** Opening Entries shown block **

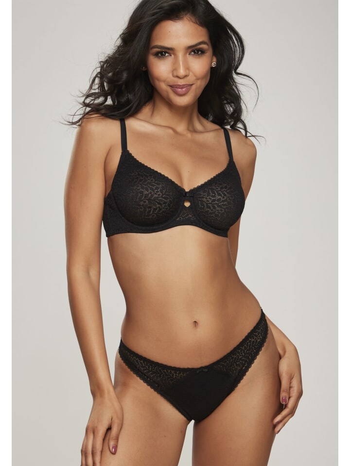 Женственные стринги соблазнительного кроя. Выполнено полностью из элегантного, слегка прозрачного кружева. С изящным декоративным бантиком посередине спереди. Со встроенной хлопковой ластовицей. В наличии бюстгальтер из этой же серии. Внешний материал: 91% полиамид, 9% эластан.
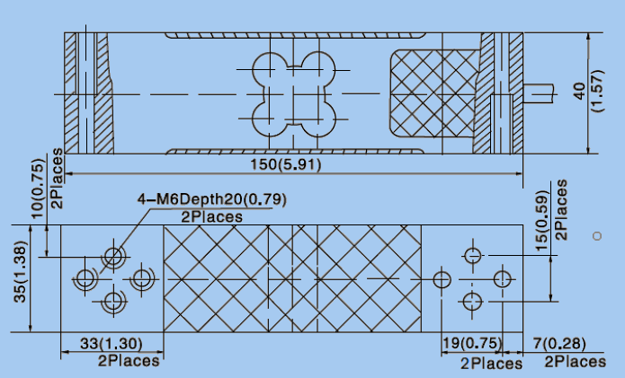 L6E-C3-50KG-2B,ZEMIC L6E-C3-100KG-2B稱重傳感器平面圖:
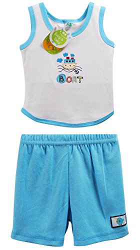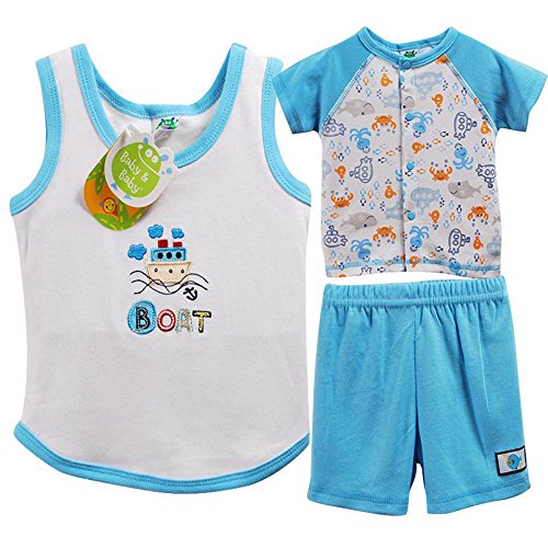 Baby&Baby 3点セット ベビー 半袖 9M 12M 18M 24M 70 80 90 男の子 セットアップ パンツ シャツ タンクトップ ブルー KT052 (9-12M(9-12ヶ月))
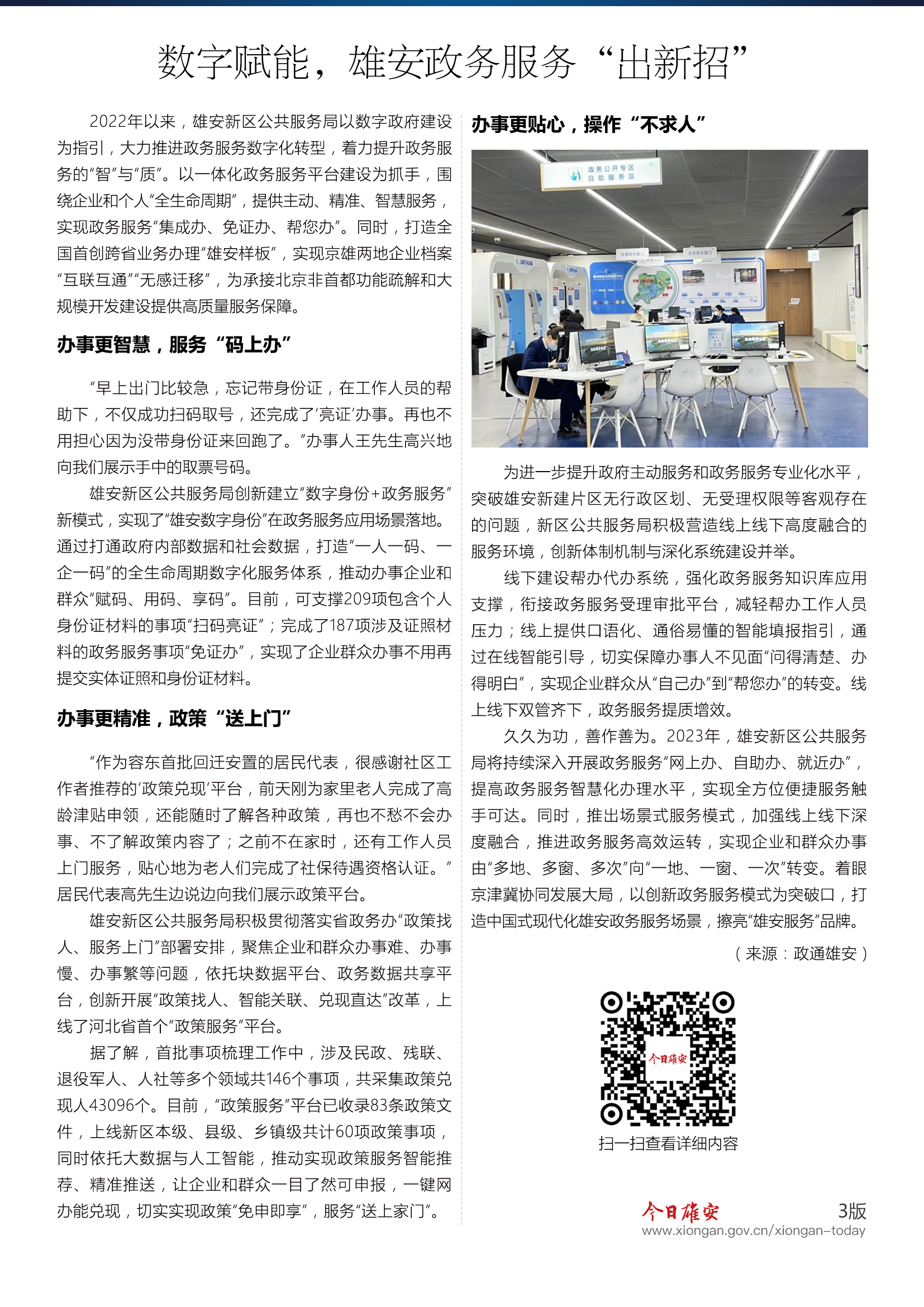 【雄安之声】雄安新区打造“一人一码、一企一码”的全生命周期数字化服务体系
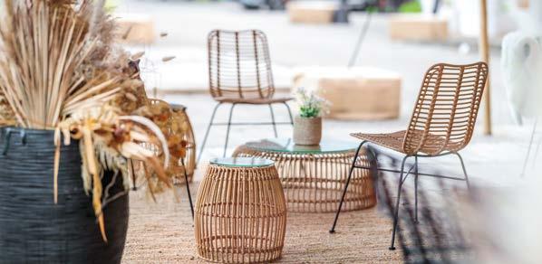 Haal het vakantiegevoel naar het terras met rieten details en gevlochten stoelen
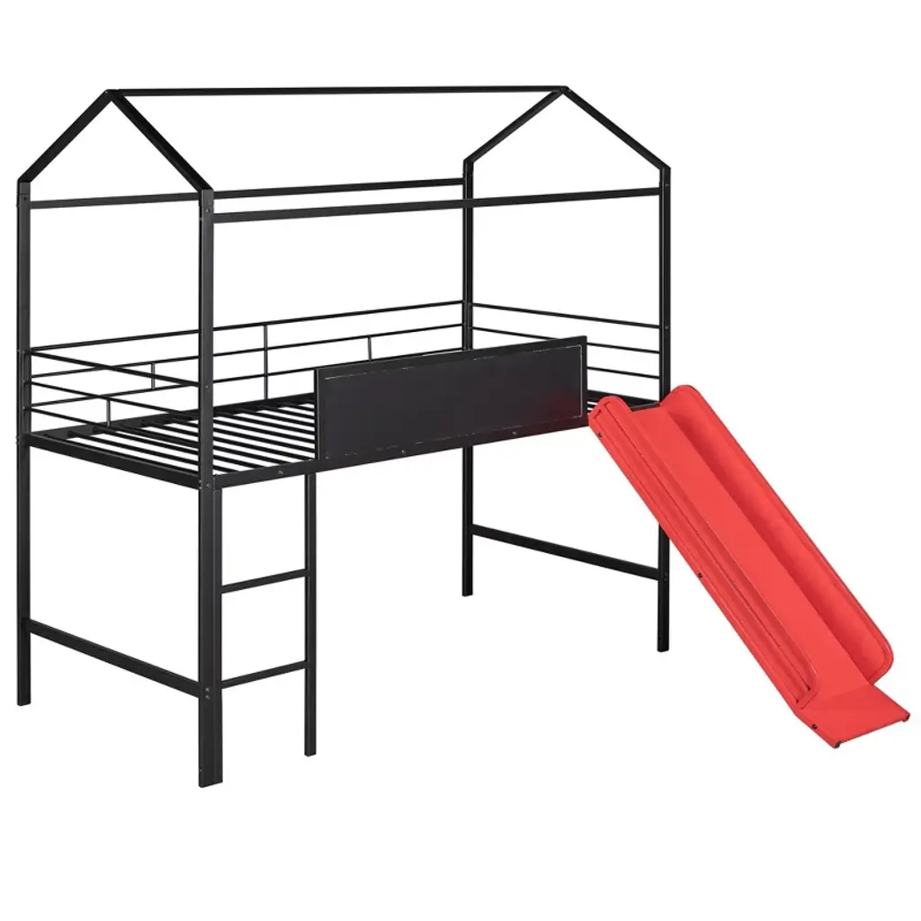 Sapphtopaz Twin Size Metal Loft Bed With Slide,house Bed With Guardrail&ladder,space-saving Kids Bed Frame With Writableboard For Boys&girls,black/red
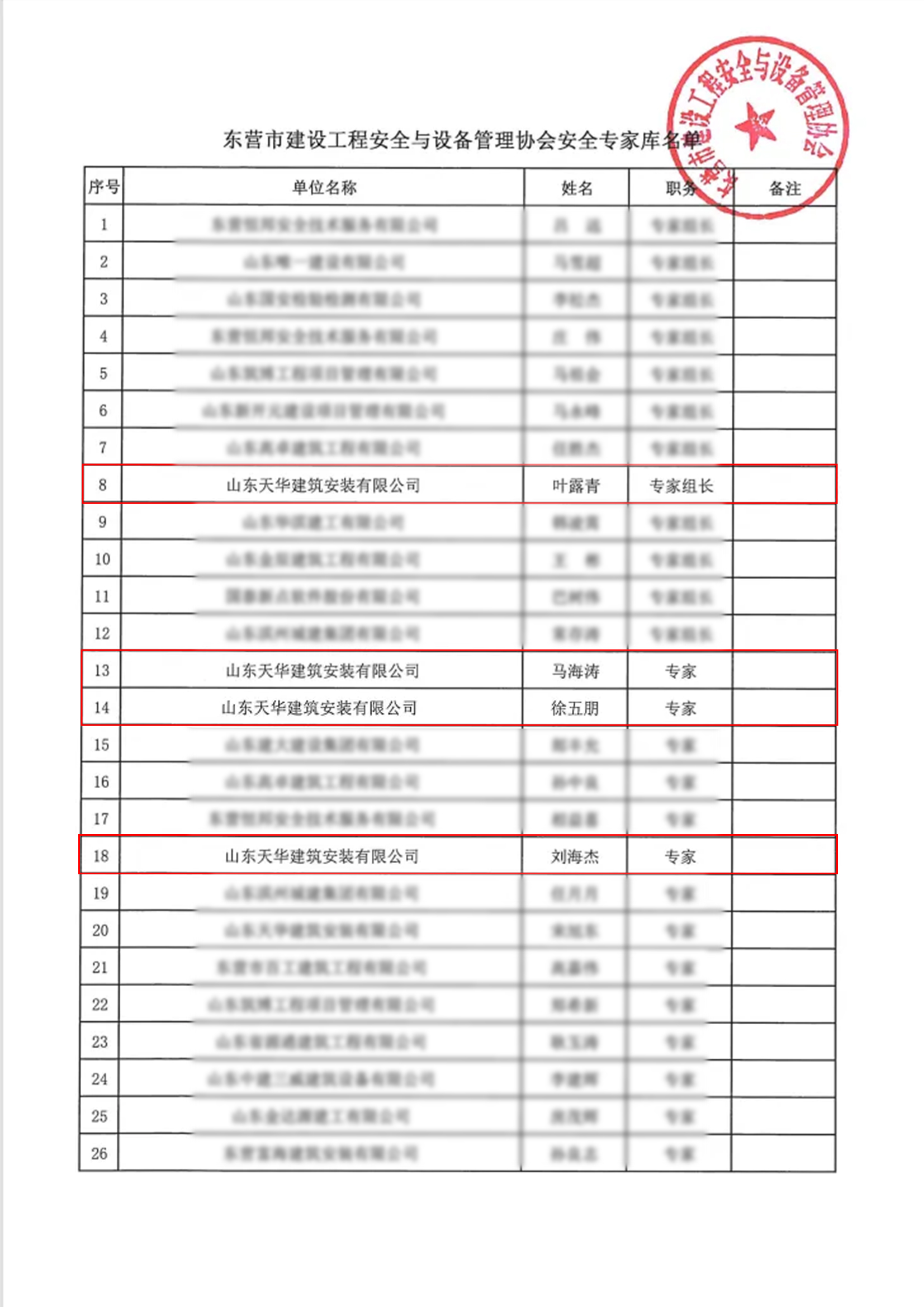為提高市建筑工程安全管理水平,充分發(fā)揮專家隊(duì)伍技術(shù)支撐作用,全力保障市建筑工程安全生產(chǎn)平穩(wěn)運(yùn)行,近日,東營市建設(shè)工程安全與設(shè)備管理協(xié)會(huì)建立安全專家?guī)?。?jīng)各協(xié)會(huì)會(huì)員單位推薦、資料初審、專家評審,天華實(shí)業(yè)集團(tuán)四人入選首批安全專家?guī)?,其?/span>葉露青榮任專家組長,馬海濤、劉海杰、徐五朋等三人被評為安全專家。

** Closing Entries shown block **

To complete this exercise, transcribe exactly the lines above from the one that holds "Haal het vakantiegevoel" through the one that holds "Sapphtopaz Twin Size". Pictures stay out.

 Haal het vakantiegevoel naar het terras met rieten details en gevlochten stoelen
 Sapphtopaz Twin Size Metal Loft Bed With Slide,house Bed With Guardrail&ladder,space-saving Kids Bed Frame With Writableboard For Boys&girls,black/red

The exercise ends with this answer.